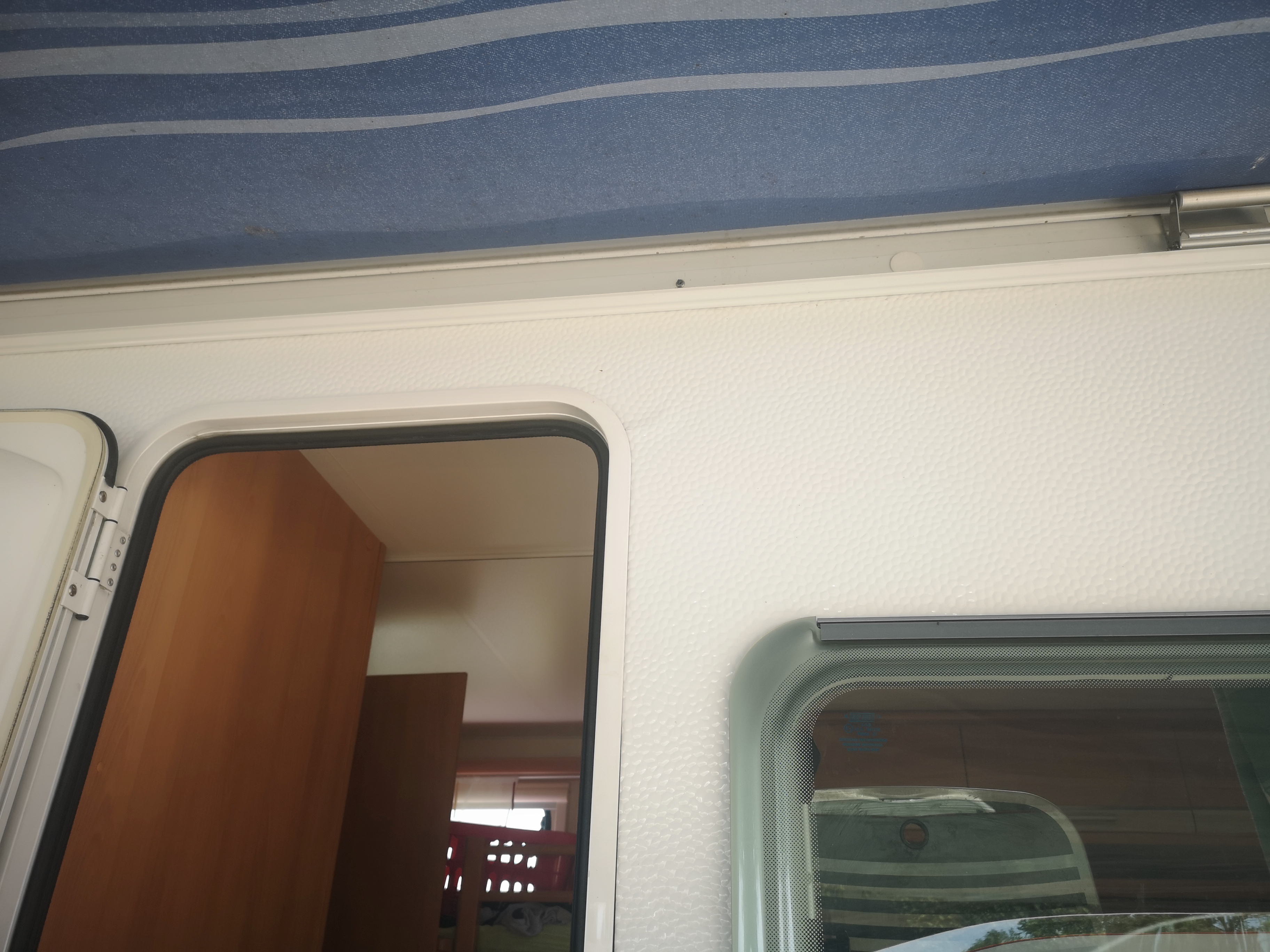 Même déformation et fente sur mon Evasion Sterckeman de 1984,. La fente était présente en 1990. Un peu de silicone. Elle n'avait pas évolué jusqu'à ce que je me sépare de cette caravane en 1998.
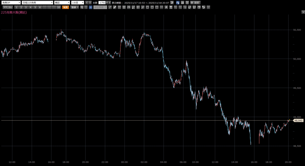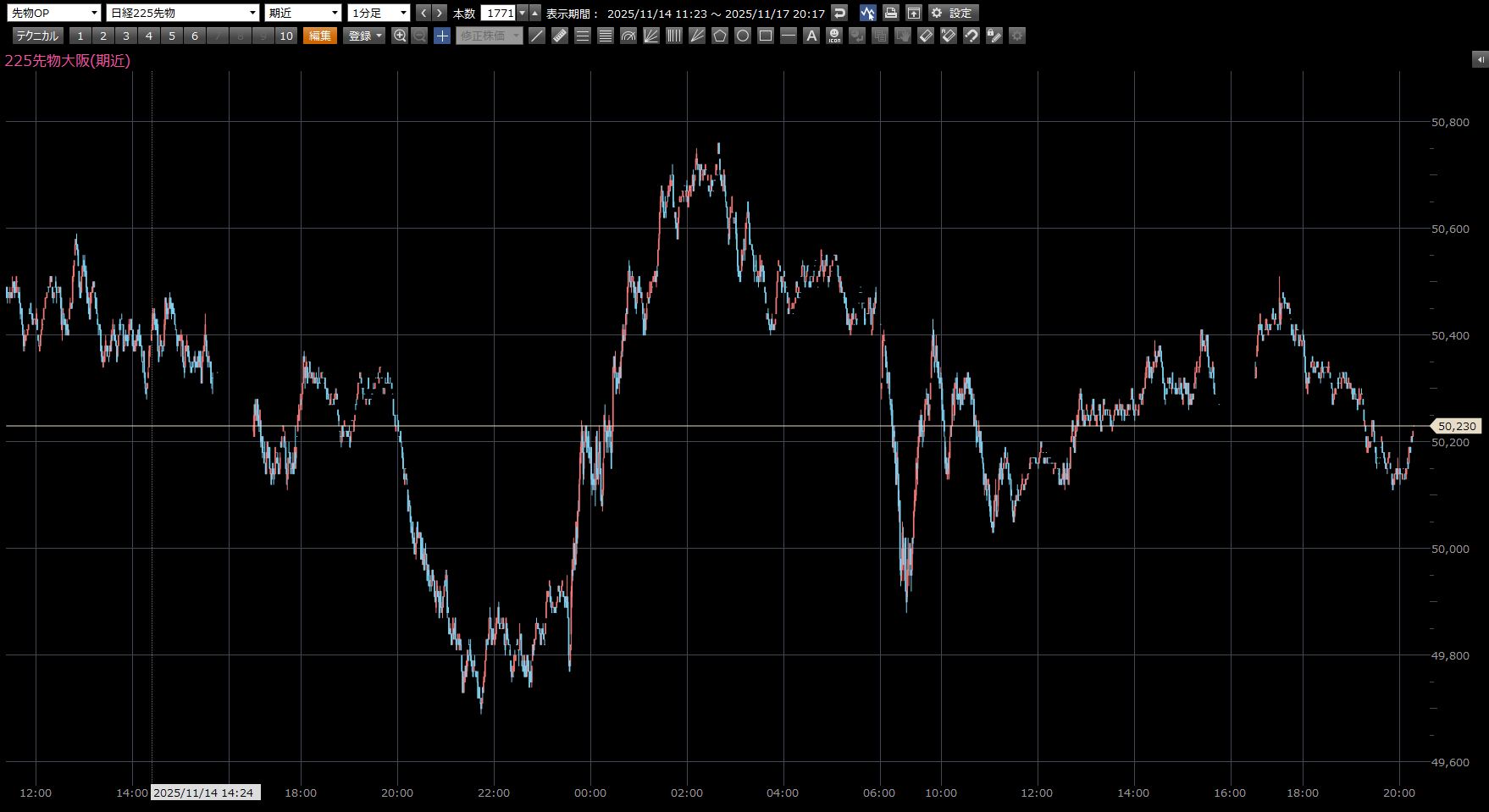 本日の日経先物の注目ポイントは、上 50040円。下 49360円。
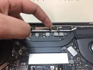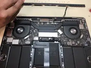 далее снимите антенный брусок. в отличие от предыдущего поколения MacBook Pro, Wi‑Fi‑антенна не крепится к узлу дисплея.
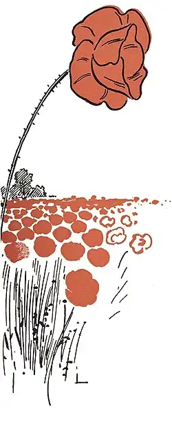 On and on they walked, and it seemed that the great carpet of deadly flowers that surrounded them would never end. They followed the bend of the river, and at last came upon their friend the Lion, lying fast asleep among the poppies. The flowers had been too strong for the huge beast and he had given up, at last, and fallen only a short distance from the end of the poppy-bed, where the sweet grass spread in beautiful green fields before them.
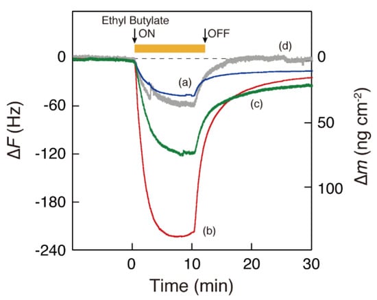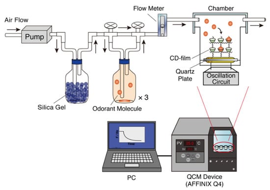 - Aguirre, S.M.; Yoshino, A.; Nakamoto, T.; Moriizumi, T. Odor approximation of fruit flavors using a QCM odor sensing system. Sens. Actuators B 2007, 123, 1101–1106. [Google Scholar] [CrossRef]
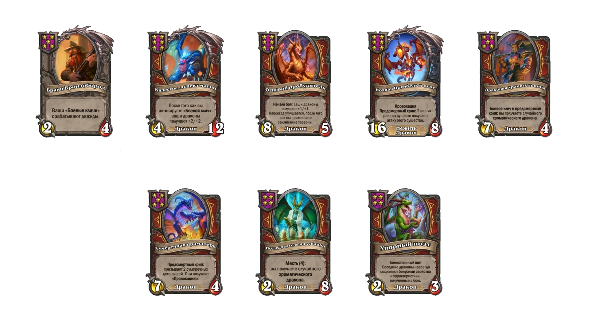 Интересно, что именно в этой стратегии Драконы смогли найти себе место. При хорошей раскрутке вознаграждений, которые являются заклинаниями таверны, вы можете взять Огненного пробудителя, Упорного поэта и Ночную погибель в огне. Это сочетание тоже позволяет получить очень сильных существ, которых затем можно эффективно усиливать.
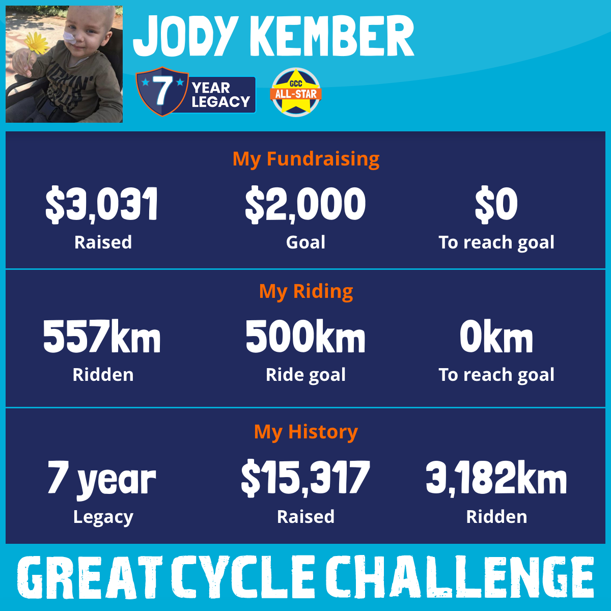 557 km Ridden$3,031 Raised2026
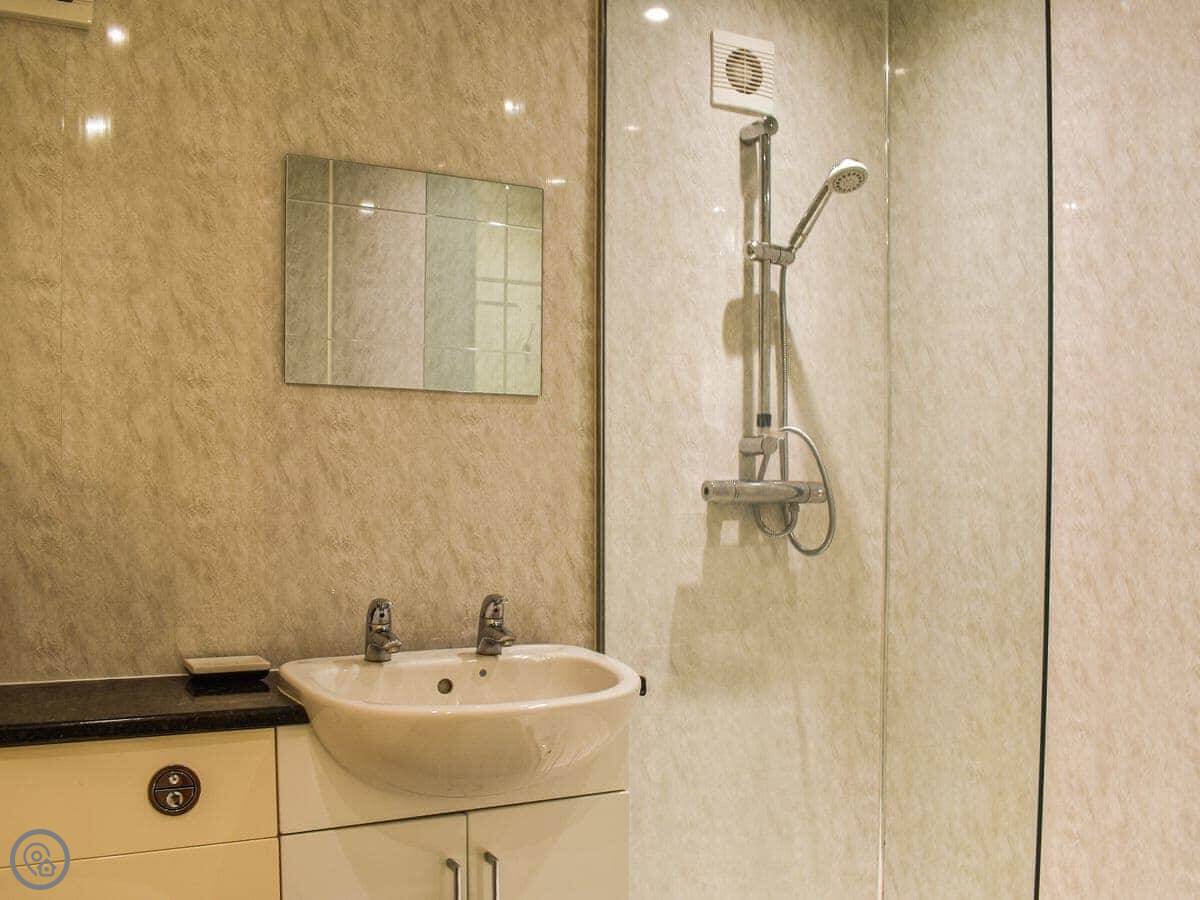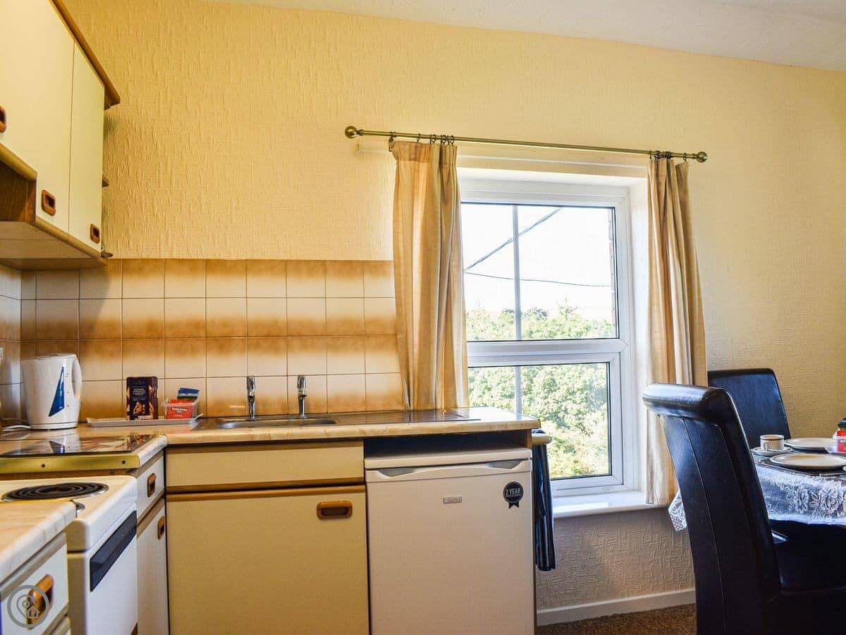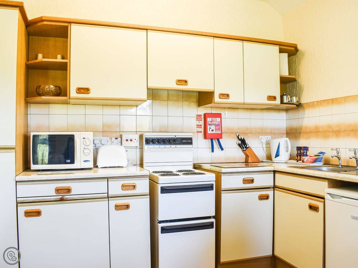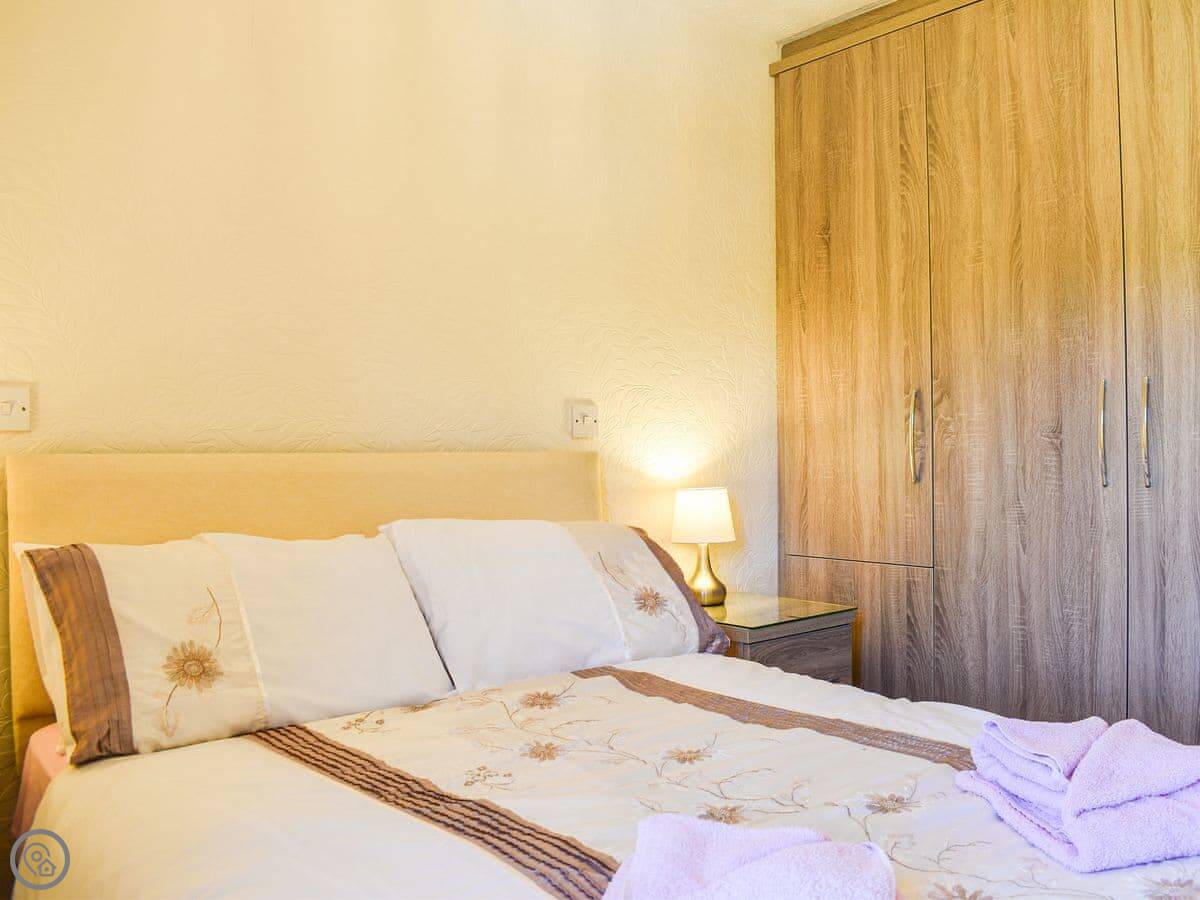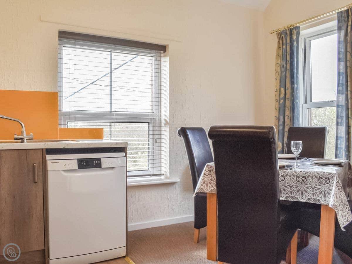 It sleeps four. Two bedrooms, one double and one twin. One bathroom with a walk-in shower. It's got a 3 Star rating, so it's comfortable and clean. The kitchen has what you need, including a dishwasher and a washing machine.
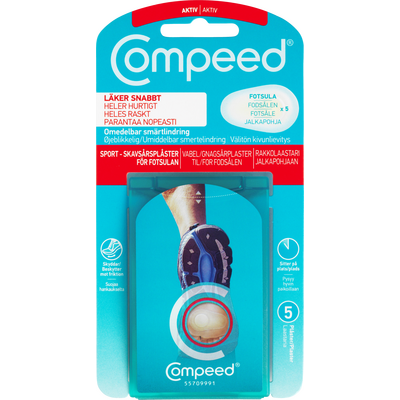 Denne variant af Compeed Sport vabelplaster er designet specielt til brug i forbindelse med større vabler på fodsålerne. Plastret påføres vablen og fungerer som et andet lag hud, der lindrer tryk og smerter samt beskytter mod vand, snavs og bakterier. Compeed fungerer uanset på hvilket stadie af en vabels cyklus, det påføres - men jo tidligere, det påføres, desto hurtigere vil helingen foregå.
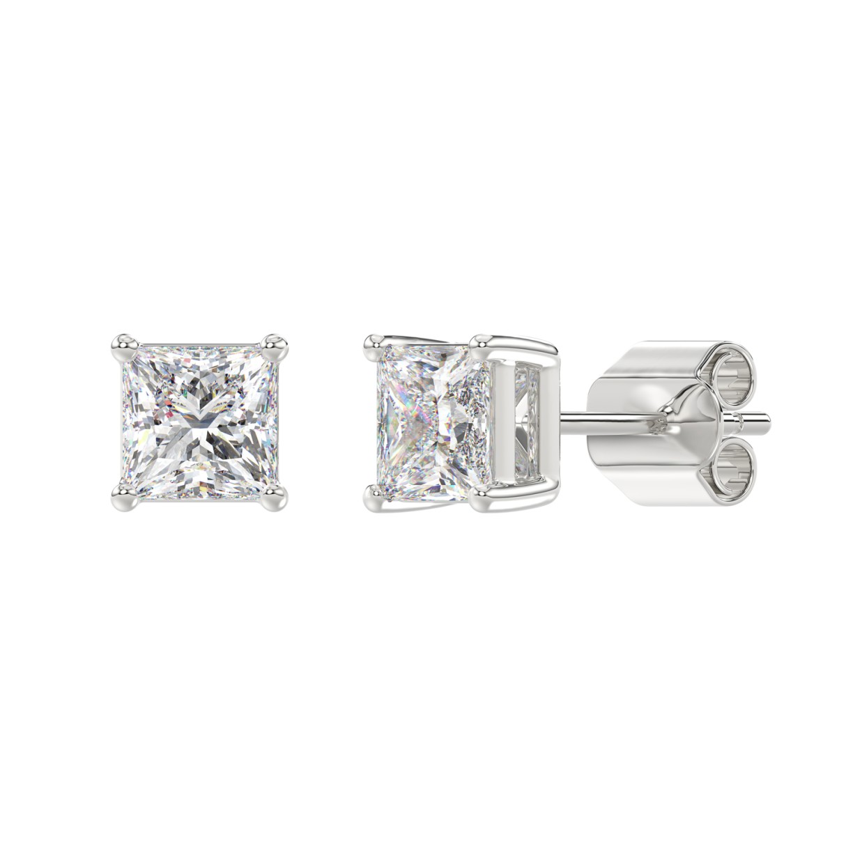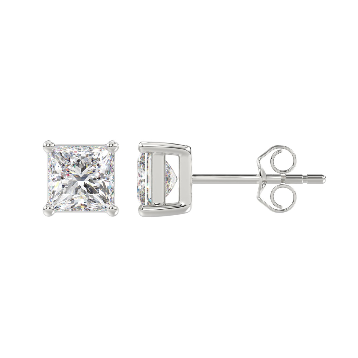 LADIES SOLITAIRE EARRINGS 2 1/2CT PRINCESS DIAMOND 14K WHITE GOLD
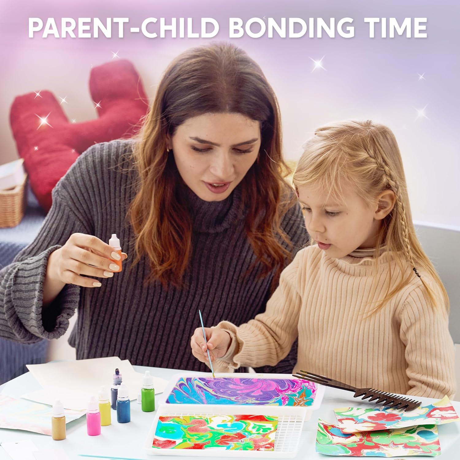 Safe and Fun Activities for All Ages: Our marbling paint kit features safe, non-toxic, and friendly pigments and carrageenan, making it suitable for both kids and adults. It's a STEM project where you can effortlessly follow the instructions, drop paint onto the drawing liquid, swirl to create intricate patterns, and transfer them onto paper.
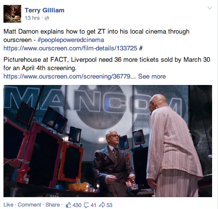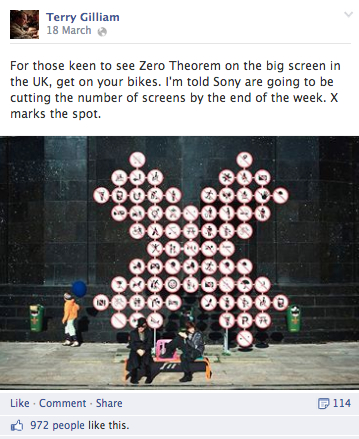 Proof of demand, management of uncertainty, dealing with risk – however the core concern of the film business is labelled, the release of Terry Gilliam’s latest film: The Zero Theorem provides a rich insight into the tensions still at play in the Film Value Chain.
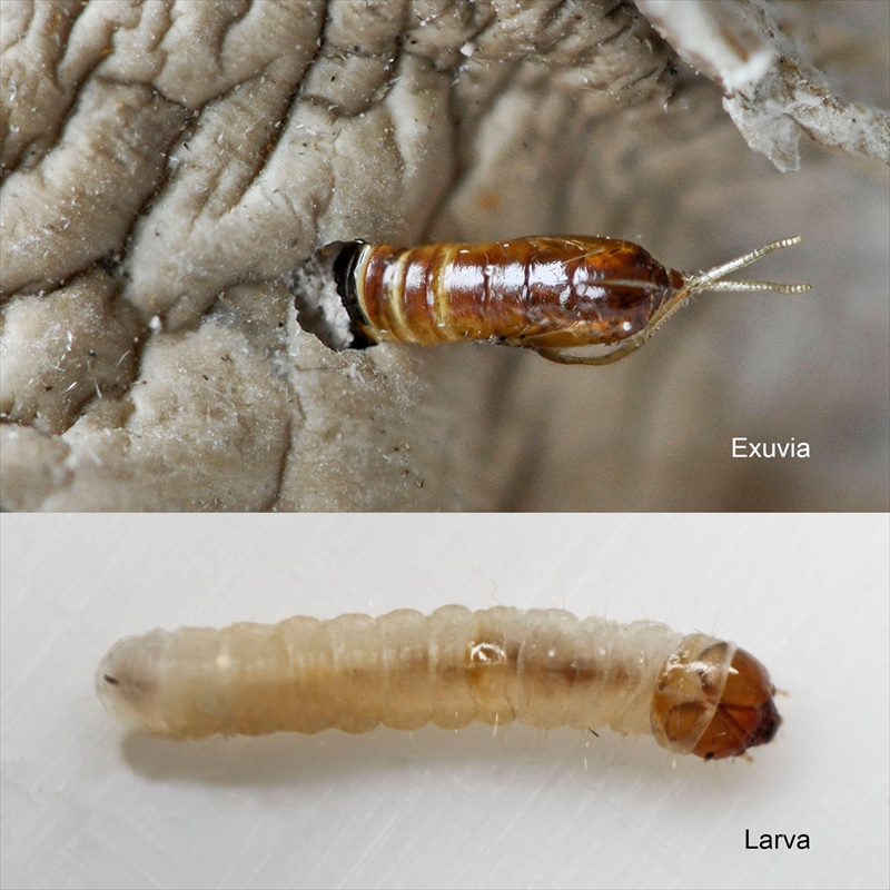 Ardivachar, South Uist, Scotland, 2013. Adults reared from larvae which emerged from a container of "Dried Mixed Forest Mushrooms" (Suillus luteus, Pleurotus ostreatus, Auricula udae, Boletus edulis), packed in France but grown in Far East Asia. Identification Reinhard Gaedike (via Martin Honey), who states: " ... a surprise! The shape fully agrees with the fig. 1 in Robinson (1980) Entomologist's Gazette 31: 129-142: Nemapogon asyntacta (Meyrick, 1917), hitherto known from India (locus typicus) and from Tibet.

**EXERCISE PROMPT**
The entries above need to be transcribed exactly, with the images left out.

**TASK OUTPUT**
 Même déformation et fente sur mon Evasion Sterckeman de 1984,. La fente était présente en 1990. Un peu de silicone. Elle n'avait pas évolué jusqu'à ce que je me sépare de cette caravane en 1998.
 本日の日経先物の注目ポイントは、上 50040円。下 49360円。
 далее снимите антенный брусок. в отличие от предыдущего поколения MacBook Pro, Wi‑Fi‑антенна не крепится к узлу дисплея.
 On and on they walked, and it seemed that the great carpet of deadly flowers that surrounded them would never end. They followed the bend of the river, and at last came upon their friend the Lion, lying fast asleep among the poppies. The flowers had been too strong for the huge beast and he had given up, at last, and fallen only a short distance from the end of the poppy-bed, where the sweet grass spread in beautiful green fields before them.
 - Aguirre, S.M.; Yoshino, A.; Nakamoto, T.; Moriizumi, T. Odor approximation of fruit flavors using a QCM odor sensing system. Sens. Actuators B 2007, 123, 1101–1106. [Google Scholar] [CrossRef]
 Интересно, что именно в этой стратегии Драконы смогли найти себе место. При хорошей раскрутке вознаграждений, которые являются заклинаниями таверны, вы можете взять Огненного пробудителя, Упорного поэта и Ночную погибель в огне. Это сочетание тоже позволяет получить очень сильных существ, которых затем можно эффективно усиливать.
 557 km Ridden$3,031 Raised2026
 It sleeps four. Two bedrooms, one double and one twin. One bathroom with a walk-in shower. It's got a 3 Star rating, so it's comfortable and clean. The kitchen has what you need, including a dishwasher and a washing machine.
 Denne variant af Compeed Sport vabelplaster er designet specielt til brug i forbindelse med større vabler på fodsålerne. Plastret påføres vablen og fungerer som et andet lag hud, der lindrer tryk og smerter samt beskytter mod vand, snavs og bakterier. Compeed fungerer uanset på hvilket stadie af en vabels cyklus, det påføres - men jo tidligere, det påføres, desto hurtigere vil helingen foregå.
 LADIES SOLITAIRE EARRINGS 2 1/2CT PRINCESS DIAMOND 14K WHITE GOLD
 Safe and Fun Activities for All Ages: Our marbling paint kit features safe, non-toxic, and friendly pigments and carrageenan, making it suitable for both kids and adults. It's a STEM project where you can effortlessly follow the instructions, drop paint onto the drawing liquid, swirl to create intricate patterns, and transfer them onto paper.
 Proof of demand, management of uncertainty, dealing with risk – however the core concern of the film business is labelled, the release of Terry Gilliam’s latest film: The Zero Theorem provides a rich insight into the tensions still at play in the Film Value Chain.
 Ardivachar, South Uist, Scotland, 2013. Adults reared from larvae which emerged from a container of "Dried Mixed Forest Mushrooms" (Suillus luteus, Pleurotus ostreatus, Auricula udae, Boletus edulis), packed in France but grown in Far East Asia. Identification Reinhard Gaedike (via Martin Honey), who states: " ... a surprise! The shape fully agrees with the fig. 1 in Robinson (1980) Entomologist's Gazette 31: 129-142: Nemapogon asyntacta (Meyrick, 1917), hitherto known from India (locus typicus) and from Tibet.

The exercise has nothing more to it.